The phone only rang once.
"Hello?"
"Do you like apple cider? Like, hard apple cider? I was looking for something to drink, but they don't really have anything good here."
"What?" he asked. I had mumbled, not knowing how to talk to him over the phone for the first time in more than two years. And now I had to repeat the whole thing. I made it through the rest of the nervous call quickly and hung up as soon as I could. Choppy. What was wrong with me? At one time, we had spoken on the phone for hours at a time and often woke up still on the line. And now I couldn't even have a conversation about cheap coolers without anxiety. WTF?!
A week or two prior, I had arrived. I had finally gotten, after a crappy, horrible breakup, to a blissful relationship, and I was okay to revive a simple friendship. You're reading this like, Girl, please! I thought you were talking to the father you never met or something! But to keep it short and sweet; building the bricks of a perfect home and then watching them fall down around me had left me bitter. For a long time after the fact—too long for me to be proud to admit—I was angry in my core. In the deepest part of me, there was fury, disillusionment, and a pessimistic perception of Black love.
I realized I was finally over it when I could look back on our relationship and remember the love, not just the breakup. But talk to him? Nah, I'm good. But eventually, I got to the stage where I wondered how he was doing, and then finally to the place where I wanted to actually reach out and ask him. And now this. This night we had decided to hang out, and I was low-key freaking out!
What would it be like to hear his voice again? To see him in person for the first time in so long? What would we talk about? (What shouldn't we talk about?) What movie would we watch? Oh, God—no romantic comedies!! Don't go to his house hungry. But also don't go empty-handed. What snacks should I bring? What did he like again? And then, finally, does he even drink apple cider?!
All in all, the evening was timid. I could feel us each navigating what was okay to say, to touch, to look at. Measuring how long the hug should be, and looking away when it seemed like we were staring—which was probably only a few seconds for us that night. I was careful not to do anything that would in any way upset bae, and vice versa, even though it wasn't that kind of party. (This could have been infinitely more awkward if we'd both been single!)

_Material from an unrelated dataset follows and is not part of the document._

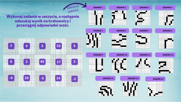 Wykonaj zadanie w zeszycie, a następnie odszukaj wynik na kratownicy i przeciągnij odpowiedni wzór.

But it was nice. I survived. We didn't do anything deplorable, the earth didn't shatter or sing, or cry. It was just two shy friends hanging out. Reconnecting. Deciding to be human and pick up the pieces of a broken home to rebuild a friendship. Friendship. The way we'd begun in the first place. But more than that, I could not be more proud of myself in this moment. I recognize that some women get hurt and stay hurt. Some people carry that with them everywhere they go, into every relationship and every conversation. Some people never let it go, and that's a kind of burden on your heart and on your character that pushes people away from you. I am so happy that I've been able to heal and get past that past, so that I can move towards a happy future, and a happy present.
Whether you decide to be friends with your ex or not doesn't really matter. What matters is that you get yourself in order, no matter how long it takes. There's something about nursing myself back to emotional health that just put me so much more in touch with myself, and gave me a better sense of control over my relationships with other people. It showed me that I am tough, and that even when I am at my lowest, I can pull through, even if it takes me a while to get there. I have grown as a person and there's satisfaction enough in that.